In a nutshell, Google Music, Google eBookstore, and the Android Market were combined to form Google Play. Not only will you purchase music, movies, books, and apps at play.google.com, but those items will also be stored in the cloud. You'll be able to do the same thing on your Android phone or tablet using the various Google Play apps (more on that later).

The two destinations--Web and mobile--stay synced. So, when you purchase an app, movie, song, or book on the Play Web site, that content will become immediately available on your Android phone (and/or tablet). Likewise, if you rent a movie on your Android tablet, it becomes available for viewing on your desktop, too.

Because it's cloud-based, those purchases won't eat up storage on your computer, tablet, or phone.

It's like iTunes-meets-iCloud for the Android folk.

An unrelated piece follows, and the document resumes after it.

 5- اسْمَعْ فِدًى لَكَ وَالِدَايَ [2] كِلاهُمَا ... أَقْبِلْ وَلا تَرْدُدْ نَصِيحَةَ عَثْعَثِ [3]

2. It's already available online, on its way to your Android.
The Play Store is already live at play.google.com. You'll see that it's a one-stop shop for all of the aforementioned services. In fact, if you try to go to the Android Store, you'll be redirected to the Play Store.

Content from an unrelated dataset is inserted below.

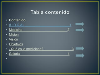 La Universidad de Ciencias Aplicadas y Ambientales (U.D.C.A) ofrece un programa de Medicina de 12 semestres que conduce al título de Médico Cirujano. La Facultad de Medicina tiene como misión formar profesionales en medicina con una perspectiva humanística, investigativa y social, y como visión convertirse en líder en formación de médicos con énfasis en atención primaria en salud en el país.

On your Android device, you'll get four app updates within the next few days:

  • The Android Market will become "Play Store."
  • Google Music will become "Play Music."
  • Google Movies will become "Play Movies."
  • eBookstore will become "Play Books."

If you don't want to wait for Google to push the updates to you, you can install them manually right away.

3. Can I upload my own movies and music?
Google Music, which allows you to store up to 20,000 songs, will remain the same. The only thing that will change is its name, Play Music. Any music you already purchased or uploaded is still available, and you can continue uploading your jams at music.google.com, or on the rebranded Android app, Play Music.

Movies are a different story. Right now, Google does not allow you to upload your own movies for access in the cloud. Its Play Movies app solely functions as a movie rental service.

4. Even non-Android users can use Google Play.
Let's be clear: even though Play is heavily marketed to Android users, any Google user can use the service to take advantage of cloud-based content management. So, you can rent a movie, upload and purchase music, and buy books on one computer, and access it all on any other desktop.

Mum's the word on native iOS support, but stay tuned for any updates.

When you rent a movie on Play Movies, it immediately becomes available on any device. Google

5. Will Google Play's cloud-based nature kill my data plan?
Probably not. Even though all your content is stored in the cloud, any of it is available for offline playback. That includes books, music, and rented movies. Of course, the amount of content you can store offline, or "cache," will be limited to your device's storage capacity.

Tip: To do less harm to your data plan, connect to Wi-Fi before downloading content for offline viewing or playback.

Bonus: Expect heavy Google+ integration.
Continuing its streak of heavily promoting its social network, expect Google+ integration to be everywhere. As Google explains, "You can easily share posts about your favorite books, music, movies, games, or apps to your Circles on Google+, e-mail, or text message in a single click."

This integration, which has been available on Google Music for a while, will be useful for Google+ users, but others might find it annoying.